With regard to the mechanistic studies, recruitment has been especially difficult because the clinical sites are more geographically scattered than originally planned, severely limiting the numbers of patients sufficiently close to the two imaging centres for MR imaging. It has raised practical difficulties in transporting the optical imaging equipment for the fNIRS assessments and in being able to do the testing before the first ECT session. In addition the severity of illness of the patients has meant that many are reluctant to undergo additional testing above the neuropsychological and efficacy assessments. This has meant having to discontinue the MR imaging and to severely curtail the recruitment numbers for fNIRS. Nevertheless we will be able to assess the feasibility and usefulness of fNIRS in this population in assessing depression and measuring and predicting the effects of ECT treatment, although the power to detect effects of ketamine augmentation will be very low.

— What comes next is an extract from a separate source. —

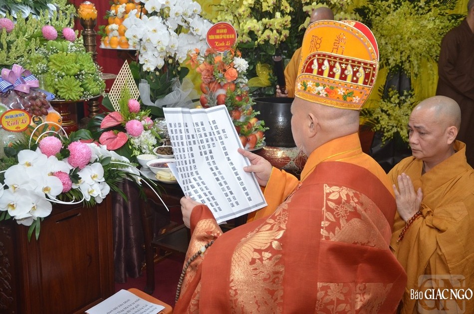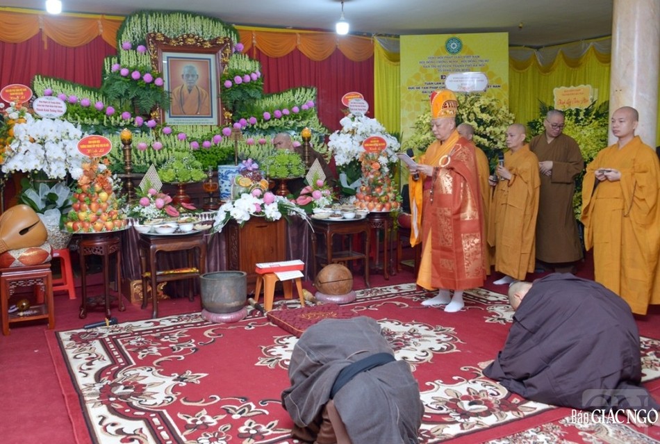 Tại Giác linh đài - nơi tôn trí hương án của Đức Đệ tam Pháp chủ, Hòa thượng sám chủ đã dâng hương cầu nguyện cũng như bạch thỉnh Giác linh Đức Đệ tam Pháp chủ giáng lâm án tiền chứng minh lễ phẩm cúng dường và hộ trì cho thiền môn hưng hiển, tổ ấn rạng ngời, Phật giáo Việt Nam mãi trường tồn, dân tộc Việt Nam mãi thịnh vượng.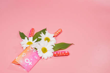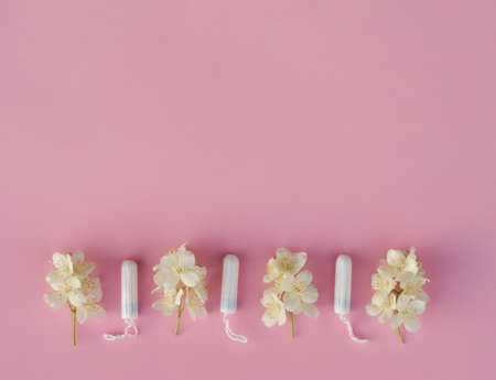 Women's and gynecological health care. menstrual cycle. Hygiene care during critical days. Tampon and female paddingwoman Clean lie on a pink background among white flowers, safe Menstruation, means of protection.

In summary this is an important study which has the potential to alter the practice of ECT and to improve the risk-benefit balance of ECT for patients who need to receive it. If successful it may allow wider access to the most effective known acute treatment for depression. Unfortunately recruitment difficulties as a consequence of the decline in ECT usage, the severity of the illness of patients receiving ECT, and the changes in ECT provision will reduce the power of the study to provide as definitive an answer as originally planned.